Data shown –
_ _ _
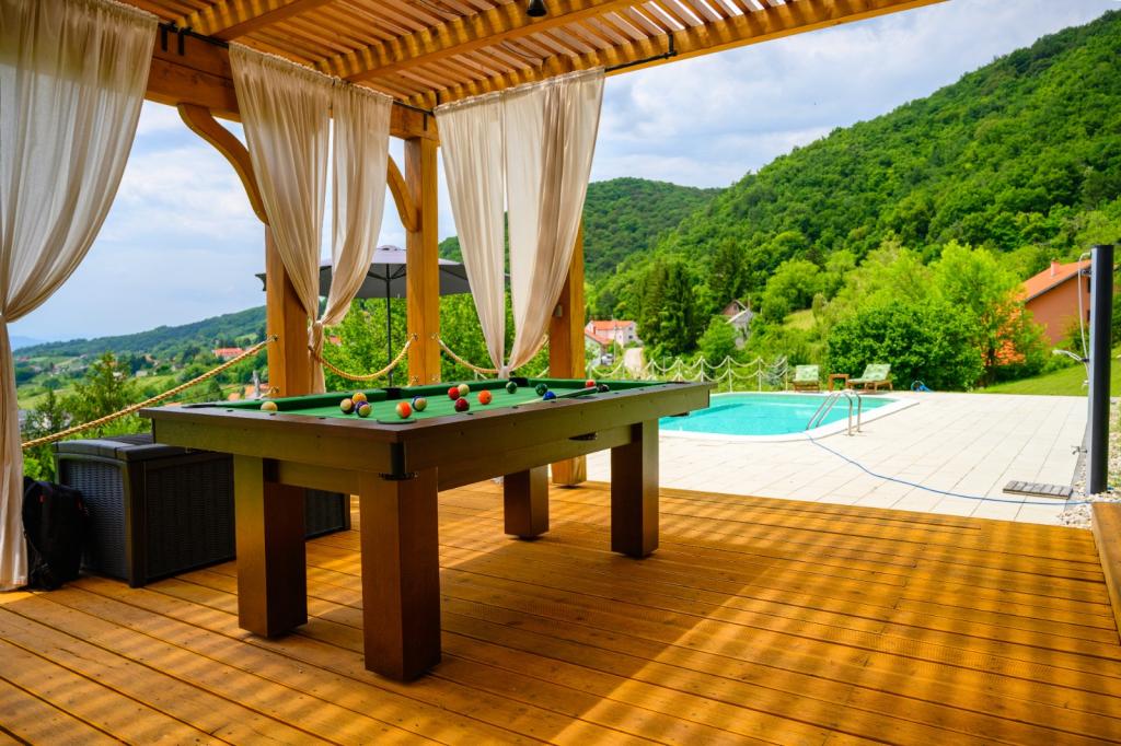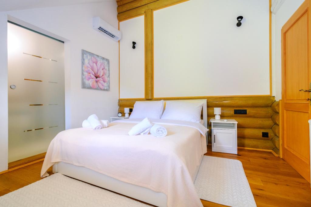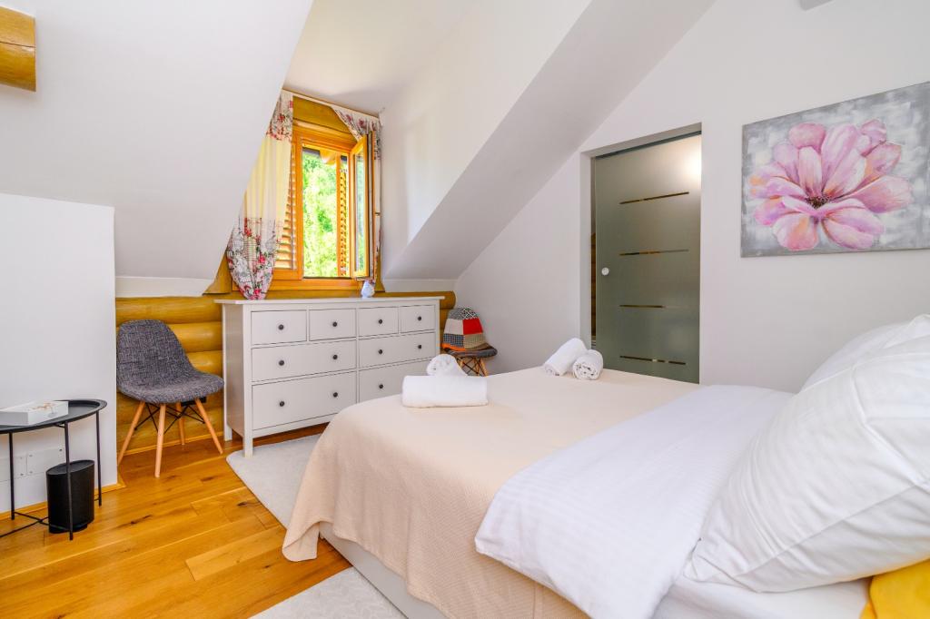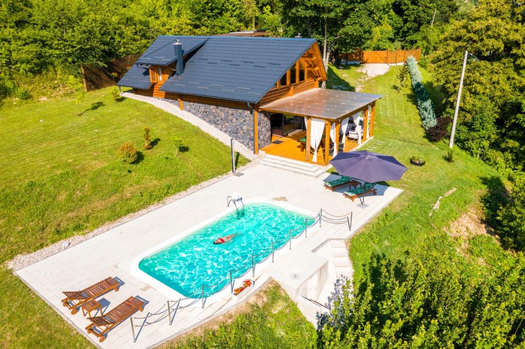 Nedaleko od Zagreba, na svega 44 km udaljenosti i na 350 metara nadmorske visine, u podnožju Japetić gorja, smjestila se drvena kuća Wellspring u Svetoj Jani (Gorica Svetojanska). Dio parcele (od ukupno 2700 m2) ulazi u zaštićeno područje Parka prirode Žumberak i kao takva je nadasve inspirativno mjesto za odmor. U samom selu postoji nekoliko prirodnih izvora pitke vode a do prvog većeg mjesta Jastrebarskog je 9 km. Drvena kuća Wellspring sastoji se od dvije etaže s besplatnim wi-fi. Na donjoj etaži nalazi se otvorena dnevna zona s kaminom, dobro opremljenom blagavaonom i kuhinjom, jednom spavaćom sobom, spa zonom sa finskom saunom i jacuzzijem, walk-in tušem, te wc-om. Na gornjoj etaži nalaze se dvije spavaće sobe sa vlastitim kupaonicama i prostorom na galeriji za odmor/čitanje. Osim kamina provedeno je i centralno grijanje za hladne zimske mjesece, te podno grijanje u spa zoni. Natkrivena terasa sa pogledom na jug iznosi 40 m2 te grijani bazen sa sunčalištem, tušem i ležaljkama.
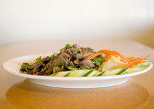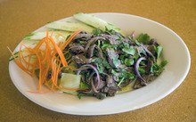 You can find one of my favorite dishes at Thai Aroy-D on the salad portion of the menu. Beef waterfall ($8.99) is a hefty platter of thinly sliced barbecued beef layered over crunchy lettuce, the beef seasoned with oodles of lime juice and pungent fish sauce. Red onions, tons of cilantro, and mint leaves add to a dish that pulls no punches, offering an explosion of in-your-face flavor especially when ordered on the higher end of the spice-spectrum.
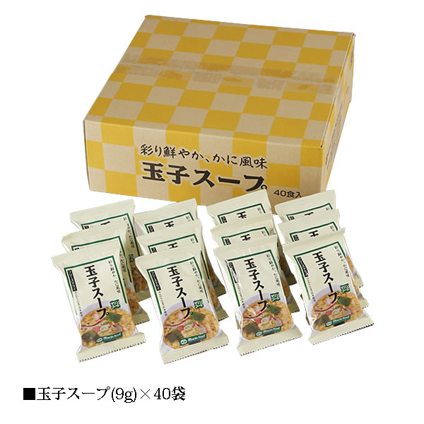 | 特徴 | フリーズドライタイプのスープです。ふんわり玉子、わかめ、椎茸、ねぎに加えて、カニ風味かまぼこが彩りを添え食欲そそるスープです。 |
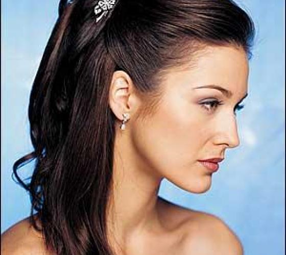 Волосы средней длинны более требовательны к прическе. Но здесь и простора для фантазии достаточно много. Одной из популярных и простых причесок на каждый день является, конечно, собранные в пучок волосы. При этом волосы можно заколоть при помощи шпилек в разные замысловатые узлы. Смотрится такая простая прическа (см. фото прически на праздник ) оригинально и необычно. Можно оставить «хвост» не закрученным, украсив его красивой заколкой.
_ _ _
Task item –
Repeat the listing above word for word, omitting the pictures.

Exercise answer –
 Nedaleko od Zagreba, na svega 44 km udaljenosti i na 350 metara nadmorske visine, u podnožju Japetić gorja, smjestila se drvena kuća Wellspring u Svetoj Jani (Gorica Svetojanska). Dio parcele (od ukupno 2700 m2) ulazi u zaštićeno područje Parka prirode Žumberak i kao takva je nadasve inspirativno mjesto za odmor. U samom selu postoji nekoliko prirodnih izvora pitke vode a do prvog većeg mjesta Jastrebarskog je 9 km. Drvena kuća Wellspring sastoji se od dvije etaže s besplatnim wi-fi. Na donjoj etaži nalazi se otvorena dnevna zona s kaminom, dobro opremljenom blagavaonom i kuhinjom, jednom spavaćom sobom, spa zonom sa finskom saunom i jacuzzijem, walk-in tušem, te wc-om. Na gornjoj etaži nalaze se dvije spavaće sobe sa vlastitim kupaonicama i prostorom na galeriji za odmor/čitanje. Osim kamina provedeno je i centralno grijanje za hladne zimske mjesece, te podno grijanje u spa zoni. Natkrivena terasa sa pogledom na jug iznosi 40 m2 te grijani bazen sa sunčalištem, tušem i ležaljkama.
 You can find one of my favorite dishes at Thai Aroy-D on the salad portion of the menu. Beef waterfall ($8.99) is a hefty platter of thinly sliced barbecued beef layered over crunchy lettuce, the beef seasoned with oodles of lime juice and pungent fish sauce. Red onions, tons of cilantro, and mint leaves add to a dish that pulls no punches, offering an explosion of in-your-face flavor especially when ordered on the higher end of the spice-spectrum.
 | 特徴 | フリーズドライタイプのスープです。ふんわり玉子、わかめ、椎茸、ねぎに加えて、カニ風味かまぼこが彩りを添え食欲そそるスープです。 |
 Волосы средней длинны более требовательны к прическе. Но здесь и простора для фантазии достаточно много. Одной из популярных и простых причесок на каждый день является, конечно, собранные в пучок волосы. При этом волосы можно заколоть при помощи шпилек в разные замысловатые узлы. Смотрится такая простая прическа (см. фото прически на праздник ) оригинально и необычно. Можно оставить «хвост» не закрученным, украсив его красивой заколкой.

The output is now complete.